Exercise material:
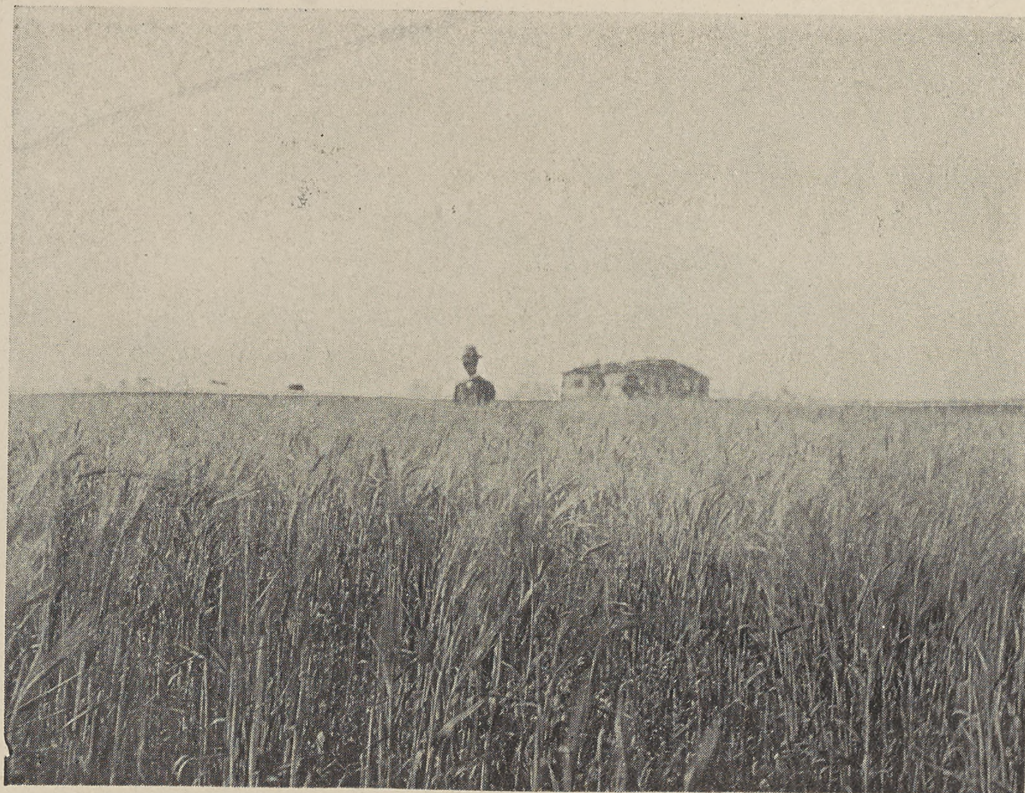
OUR MODEL BARLEY FIELD
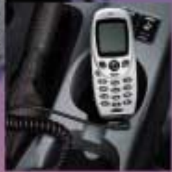
Perfect for charging your cell phone, the center console features an auxiliary 12-volt power outlet.
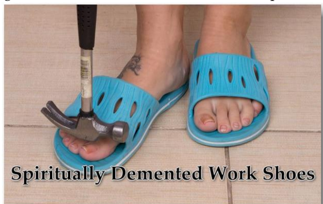
Spiritually Demented Work Shoes

WHY DO WE REJECT THE STATUS OF SLAVE, AND PREFER THE MORE POLITICALLY CORRECT LABEL OF SERVANT?
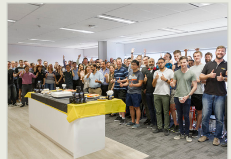
Perth, Australia Office celebration.

True to its word, the company is expanding their offering and releasing a number
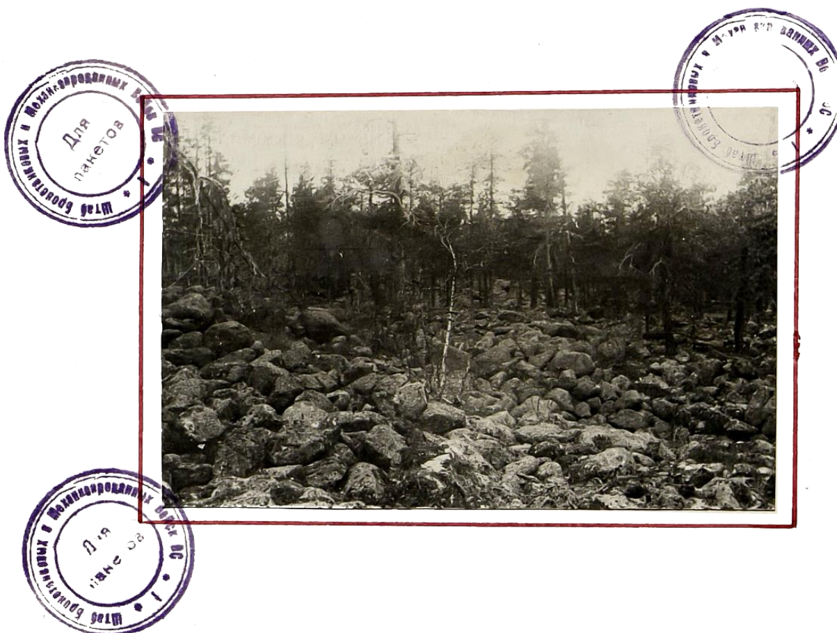
The area in the area of square 5626.

The relief of this area is a continuation of the spurs of the Scandinavian mountains and has a mountain-knoll-like character. There are rocks and boulders scattered all over the area, reaching huge sizes, in some places, making up a heap of boulders, not overcome by transport and difficult to overcome by infantry.
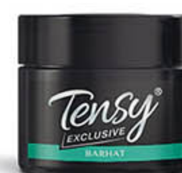
Barkhat (analogous to Eau Fraiche) KZ-23

What the task asks: Which lines above carry the string "area"? Copy those lines.

Written response:
The area in the area of square 5626.
The relief of this area is a continuation of the spurs of the Scandinavian mountains and has a mountain-knoll-like character. There are rocks and boulders scattered all over the area, reaching huge sizes, in some places, making up a heap of boulders, not overcome by transport and difficult to overcome by infantry.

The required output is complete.